Хозяйка дома не ожидала никаких гостей и уже лежала на печи. В комнате было чисто и прохладно. Под потолком тускло светила лампочка без какого-либо абажура. Вера Григорьевна по-хозяйски расположилась на лавке за столом и потребовала чаю.

-  Знакомься, Матвеевна! Это Николай, наш новый агроном, будет твоим постояльцем. Ты не против? Да слезай ты с печи и ставь чай, а то мы замерзли, пока до тебя дошли. А как ты сама-то из дома выходишь?  У тебя же тут перед домом снега по пояс!

  Старушка, довольно, проворно слезла с печи и включила чайник. Когда она подсела к столу, стали видны её натруженные руки и изрезанное глубокими морщинами лицо, на котором с трудом угадывались следы прежней красоты, а низко надвинутый на лоб платок скрывал редкие седые волосы. На вид ей было лет 80. Поговорив о том-о-сём, Вера Григорьевна стала прощаться:

-  Ну, вы тут сами пейте чай и устраивайтесь. Меня ещё дела ждут.

   Она попрощалась и ушла. Матвеевна открыла заслонку печи, погремела посудой, и поставила перед постояльцем миску пшенной каши и стакан чаю, настоянного на травах.
 
-  Спать тебе я постелю на диване, а ты, чтобы не замерзнуть, накройся полушубком - под утро прохладно будет. Ну, я пошла спать, - и Матвеевна опять забралась на русскую печь, занимавшую чуть ли не четверть полезного пространства комнаты.

   Николай лежал на жестком диване, накрывшись солдатским одеялом и полушубком поверх него, и обдумывал ситуацию. Не спалось. На душе было неспокойно. Давил низкий потолок. Тишину в комнате нарушало похрапывание Матвеевны и непонятные шорохи за отошедшими обоями. Мерно тикали часы-ходики на стене. Он догадывался, что Вера Григорьевна неспроста определила его на постой к Матвеевне – пожалела одинокую старушку, но от этого не становилось легче. В голове назойливо звучали слова из песни, записанной на магнитофон Матвея – старпома с такого-же теплохода, как у Стаса:
                А где-то, а где-то летят по насту сани,
                И мчится ракета в неведомом краю!
                Значит, песня не спета про молодость мою, -
                Захочу и ее допою! ...

   Шел 1964-й год.  Уже Гагарин побывал в космосе. Где-то кипела жизнь. Кого-то романтика вела в рискованные походы, кто-то подымался над обыденностью, а здесь … Медвежий угол.

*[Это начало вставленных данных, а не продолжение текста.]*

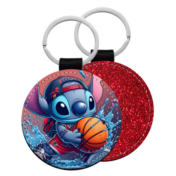 Stitch Basketball, Μπρελόκ Δερματίνη, στρογγυλό ΚΟΚΚΙΝΟ (5cm)

Все, как во времена Радищева. Неужели он может, в итоге, стать таким, как Вера Григорьевна? Неужели это тупик? Вот под такие мысли он, незаметно, и уснул.

   Назавтра, садясь в автобус, Николай мысленно попрощался с этим селом и его обитателями, почти уверенный, что сюда уже не вернется. Мысль о дезертирстве с трудового фронта болезненной занозой сидела в душе, но, по мере приближения к Городцу, муки совести стали слабеть, настроение улучшилось, а надежда на благоприятное решение его проблемы укрепилась.

   Стас, убедившись, что младший брат причитающиеся ему подъемные деньги не получил, что карьера в сельском хозяйстве его мало интересует, тем более осенью так-и-так призовут на военную службу, наилучшим решением в этой ситуации для Николая посчитал работу под своим руководством на грузовом теплоходе «Волго-Дон». Коллеги Стаса, обитатели уже знакомой Николаю комнаты, одобрили принятое по несостоявшемуся агроному решение, и «молодой» - так они теперь называли его, стал законным членом компании из трех первых штурманов с грузовых теплоходов, живших дружной коммуной. Обстановка в квартире была почти семейная.  В отделе кадров, после ходатайства брата, препятствий не возникло, и Николай, заполнив необходимые документы, стал, на законных основаниях, рулевым-мотористом грузового теплохода “Волго-Дон” - крупнейшего на то время в мире речного судна проекта 507А:  длина 140 м., ширина 16,56 м., высота борта 5.5 м., осадка 3,5 м., водоизмещение 6700 т., мощность главных двигателей – 2000 л.с. Начиналась новая жизнь.

   Зимующие в затоне суда были расставлены по типам и по назначению так, что получились своего рода улицы со столбами освещения, как в городе, только вместо домов там были теплоходы. Зима в тот год выдалась суровая. Морозы часто достигали 25 – 30 градусов, но, несмотря на это, ремонтные работы на судах не прекращались. Первое посещение своего(!) теплохода стало волнующим событием для несостоявшегося агронома: в первый раз ступить на палубу настоящего судна, ощутить в ходовой рубке особый, ни на что не похожий запах, может быть запах настоящих странствий, увидеть свою, отдельную каюту… Что может быть прекрасней?! Всё-таки мечты, иногда, становятся явью.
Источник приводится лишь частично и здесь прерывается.